# Airwire G3 Voltage



## krogerssolar (Jan 8, 2009)

Hi all getting back to my Installs of a few G3 Boards looking at the specs of the G3 that it's max voltage is 24V understandable somewhere i remember reading that the boards could only take 14.8 volts or use a 14.8 battery. Maybe I'm remembering this from a GP38-2 board install i did that the drop ins only support 14.8.

Can someone confirm this I'll be installing my G3 Boards into a few Dash 9's and a sd 45 so if i could get away with a 18volt pack or if i need to look at a bigger AH 14.8 pack. 

Thanks Kevin


----------



## Beddhist (Dec 17, 2013)

It's not that the boards can't handle the voltage, but they recommend about 12V (from memory), as higher voltages increase interference from the motor wiring.


----------



## Jim Agnew (Jan 2, 2008)

Kevin, the G3 will handle an 18 volt battery with no problem. I installed this set up in a USAT Hudson.


----------



## krogerssolar (Jan 8, 2009)

Thanks Jim for the info.


----------



## Paul Burch (Jan 2, 2008)

Recommended voltage is 14.8 li-ion battery. 24v is maximum.


----------



## Michael Glavin (Jan 2, 2009)

G3 Drop-ins RECOMMENDED operating voltage is derived from a 14.4V Lithium battery. Be careful here if using batteries rated at or near this number, typically batteries off charge exhibit ELEVATED surface voltage numbers. 

Increased electrical noise often accompanies higher voltage power sources, typically its RFI and or EMI often from motor brushes bouncing and or arcing.

Of note the G3's are equipped with a new improved Receiver too.

The G3 motor drives are rated for 120 Watts MAXIMUM. Amperage capacity is factor of the Voltage in play. 
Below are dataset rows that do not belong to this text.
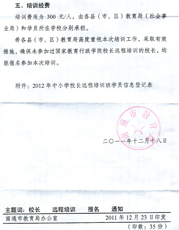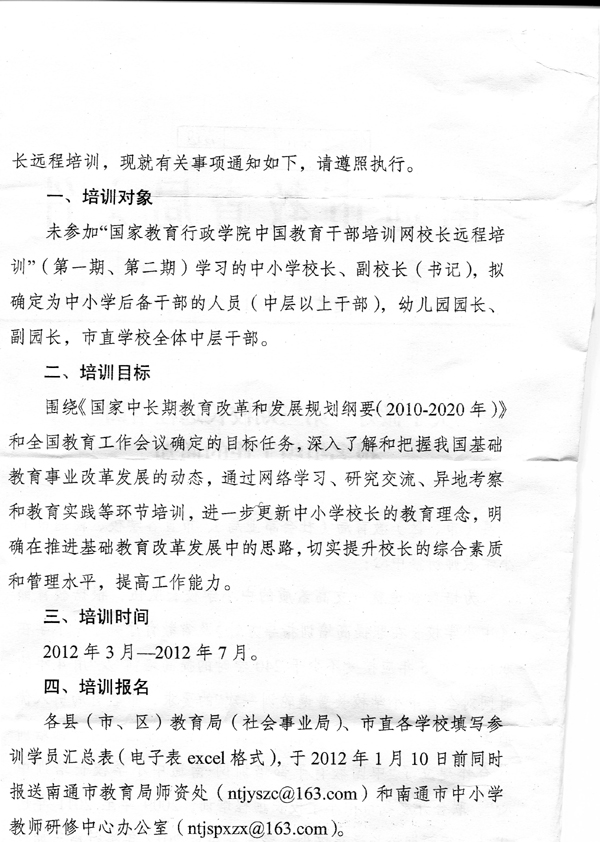 现将南通市教育局《关于做好“第三期校长远程培训”报名组织工作的通知》转发给你们,请各校根据文件要求同时结合《2012年南通市第三期中小学校长远程培训学员信息登记表》(附件2)核对参训人员名单,如果有新增的人员,请于2012年1月6日前将学员信息登记表(附件3)发至邮箱:tzjyjrsk@163.com,联系电话:86512465。
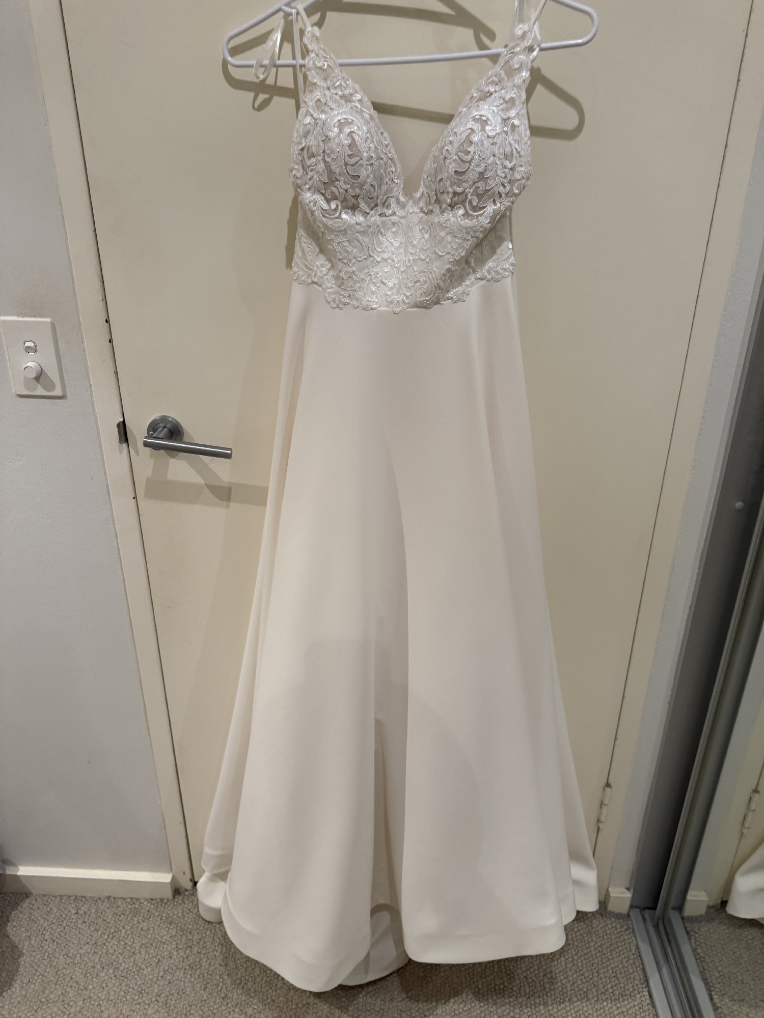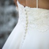 Beautiful Cizzy Bridal (style CZ8327) wedding dress in ivory. The lace bodice with spaghetti straps and low back gives it a romantic feel, and the satin A-line skirt flows perfectly — plus it has pockets!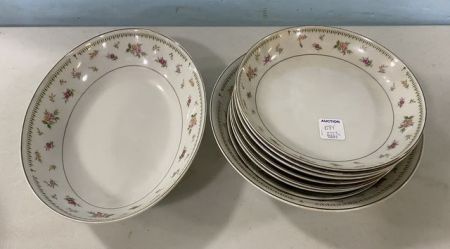 Abingdon Porcelain China Bowls, 6 salad bowls, some have chips, serving bowl, oval bowl. Abingdon Porcelain China Bowls, 6 salad bowls, some have chips, serving bowl, oval bowl.
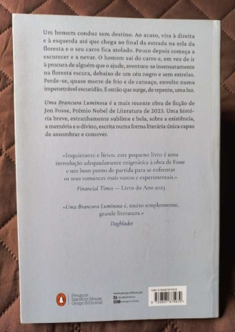 Uma Brancura Luminosa é a mais recente obra de ficção de Jon Fosse, Prémio Nobel de Literatura de 2023. Uma história breve, estranhamente sublime e bela, sobre a existência, a memória e o divino, escrita numa forma literária única capaz de assombrar e comover.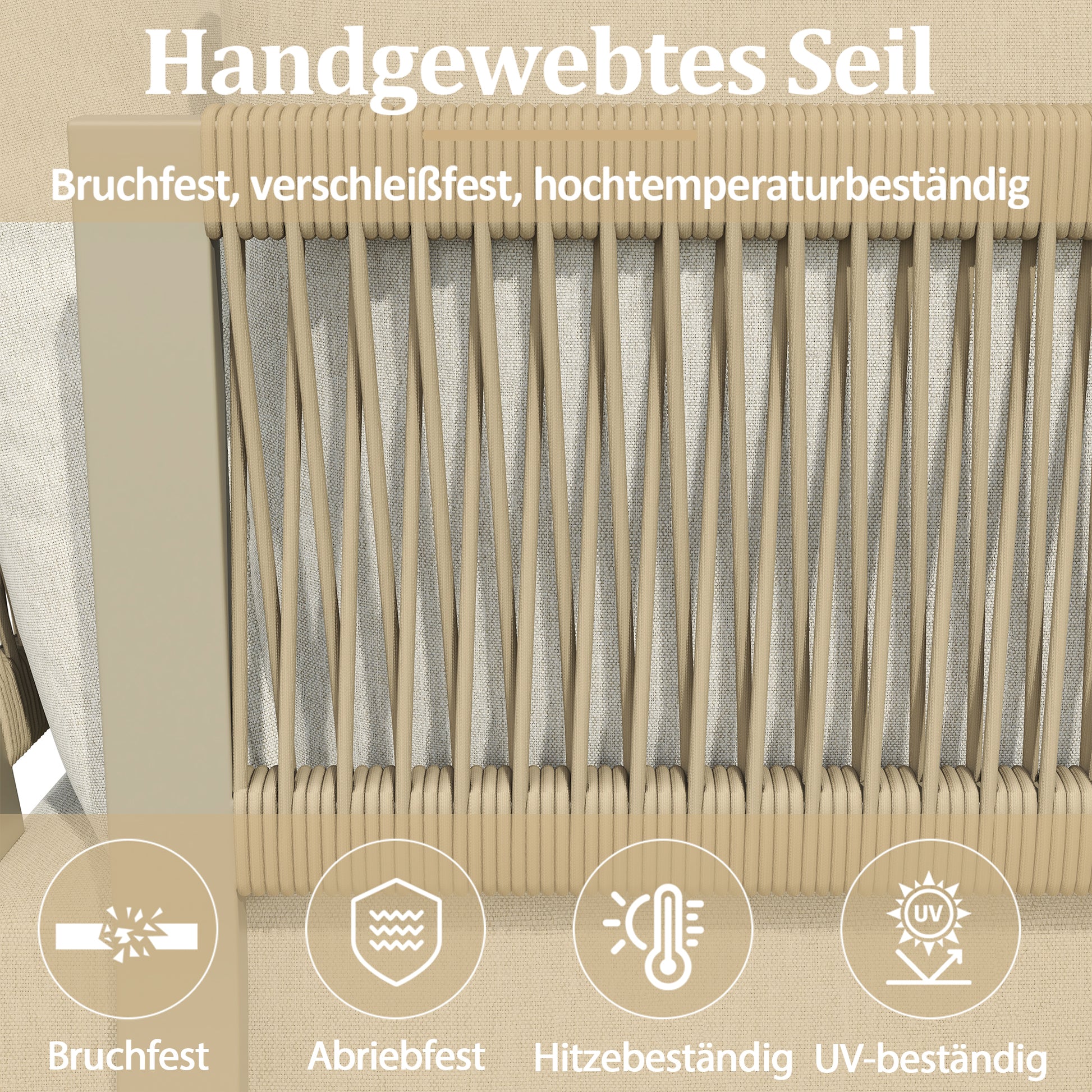 Garden Furniture Set with 2 Convertible Reclining Beds and Coffee Table, Beige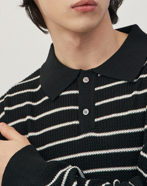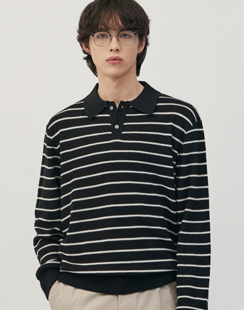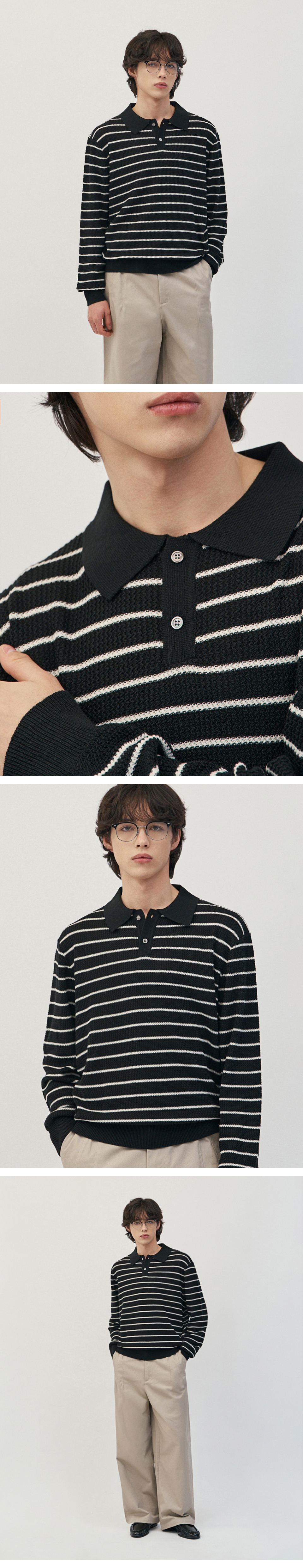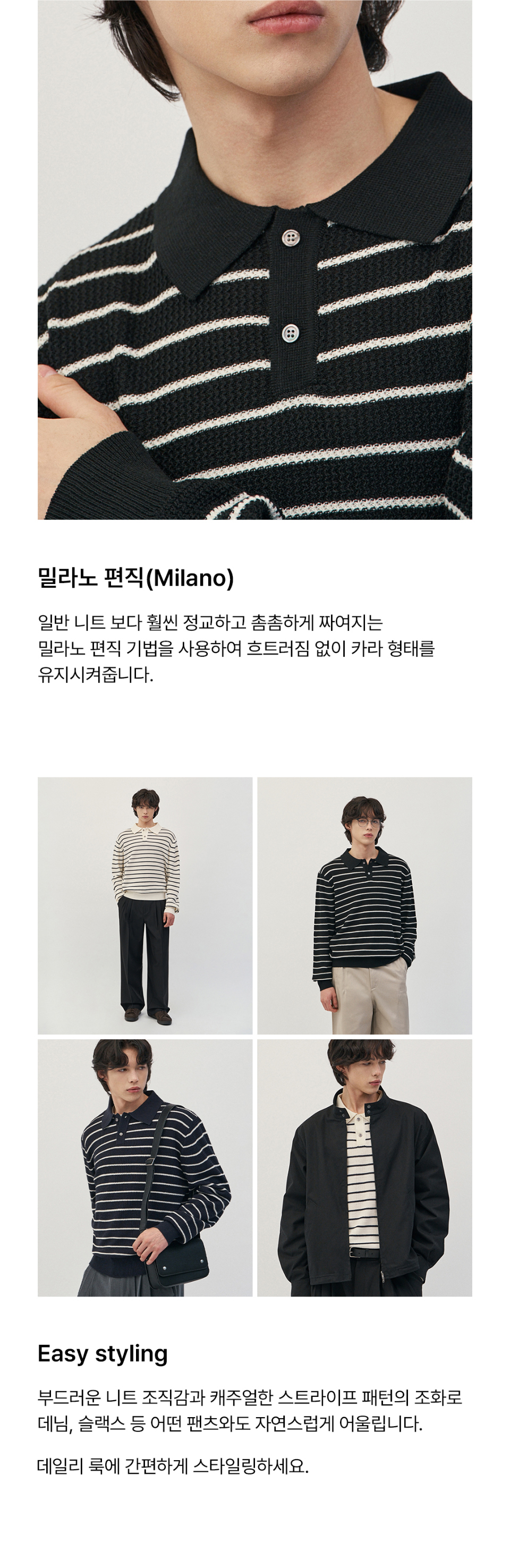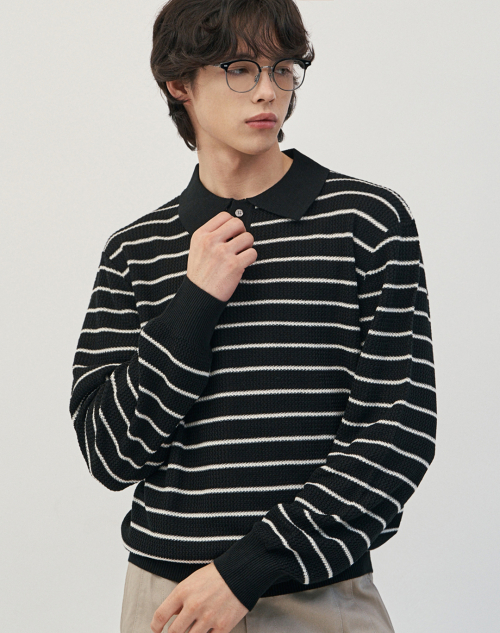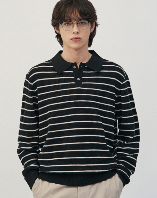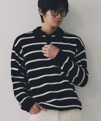 이지온 세미 오버핏 스트라이프 카라 니트 [블랙]

Ohms Law: VxA=W, W/V=A, W/A=V
120W MAX motor load
120W/12VV = 10A
120W/14.4V = 8.4A
120W/18.0V = 6.5A
120W/21.6V = 5.6A

I have a trio of consisted USAT F units rigged with G3 Drop-ins and Phoenix sound running on 18.0V Li-PO's without issue. Have used 21.6V volts without problems too with LGB equipment.

Michael


----------